Whaling refers to the act of hunting and killing whales for various purposes. The Japanese have been hunting whale for their meat ever since the 8th century A.D. Their techniques have since been refined and the Japanese are the foremost whale hunters in our modern world. A lot of controversy has sparked up over this issue of Japanese whaling. Many anti-whalers claim that the Japanese are indiscriminately hunting down the whales in order to serve profits for the country. The many Japanese whalers deny this and say that they do whaling for scientific purpose. In any case, Japanese whalers hunt kill hundreds of whales each year. This is having a very bad effects on both the environment as well as the society as Japanese whaling expeditions are working to eradicate many whale species, and this is causing militants branded as 'environmental terrorist' to be formed.
The Japanese whaling expeditions are known for their indiscriminate killing of thousands of whales. A fleet of whale hunters recently killed more than a thousand whales in a single expedition. Most of these were minke whales, but the kills also included such endangered whales as the fin whales and the humpback whales (Greenpeace).
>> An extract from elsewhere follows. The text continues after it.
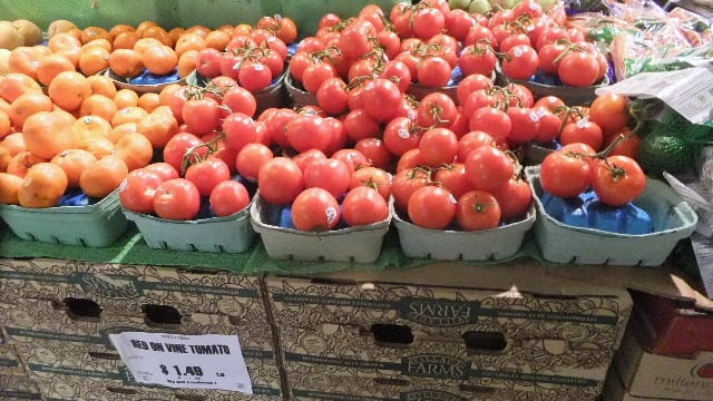 トマトも一盛り1.48㌦、2ドルとしても、160円。

This is something that is of great concern to many people and environmentalists around the world. They are scared that Japanese whalers may in fact be responsible for completely exterminating certain species of whales, such as the humpback, which are already on the endangered list. Interestingly enough, it is believed that there is only one purely white humpback whale alive in the world today, and many people fear that the current Japanese whaling expedition may kill her too. This would be a great loss for the world, as we would lose the only white whale that exists in the world today.
Another very interesting effect of Japanese whaling is that it has irked many different kinds of groups around the world. These anti-whaling groups openly protest against Japanese whaling fleets. The Japanese, however, are adamant and they refuse to stop their whaling activities. This has led to the anti-whalers to get aggressive and such groups have worked to threaten the Japanese whaling fleets through various sabotage efforts and physical attacks. Since most of the Japanese whaling takes place in oceans that are close to New Zealand and Australia, most of these 'environmental militants' stem from these two countries. Last year, the Sea Shepherd Conservation Society, an Australian 'militant environmentalist group,' threatened to ram the Japanese fleet with a ship fitted with a bulldozer-type blade. The group has been branded environmental terrorists by Tokyo (Squires).
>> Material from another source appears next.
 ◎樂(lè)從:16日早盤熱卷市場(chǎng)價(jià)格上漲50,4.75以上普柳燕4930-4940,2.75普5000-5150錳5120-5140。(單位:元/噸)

The Japanese whalers argue that they are doing the whaling for scientific research. They refute all claims of the environmentalists and say that the only reason for their whaling expedition is for the sake of scientific research. Most of the environmentalists disagree. They do not believe that whale hunting is any sort of a science and the International Whaling Commission has concluded that any data that the whalers gathers is not helpful in any way, and all the data that is collected by killing the whales can also be collected by non-lethal means (Greenpeace).
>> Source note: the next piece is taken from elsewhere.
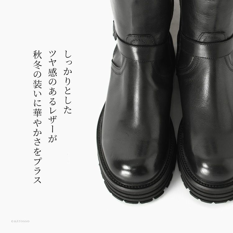 ※特価の為返品・キャンセル・交換無料サービス対応不可。※交換対応は、通常販売時のお買い物通りのご案内です。※サイズ交換希望で、ご交換希望サイズが欠品の場合は返品不可 厚底 ロングブーツ 裏ボア 暖かい イタリア製 サイドファスナー 本革 ローヒール 太ヒール 歩きやすい 裏起毛 ブーツ ロング 防寒 レザー ブラック 黒 チャンキーヒール バイカーブーツ エンジニアブーツ ミドルブーツ レディース

We see that Japanese whaling is having many negative effects on the whole. First, it is endangering the already endangered species of whales that can be found in nature. And second, it is having negative effects on the society by encouraging the formation of militant groups. The Japanese whalers claim that they are doing all of this in the name of science, but it has been proven that the data can also be collected without having to kill the whales.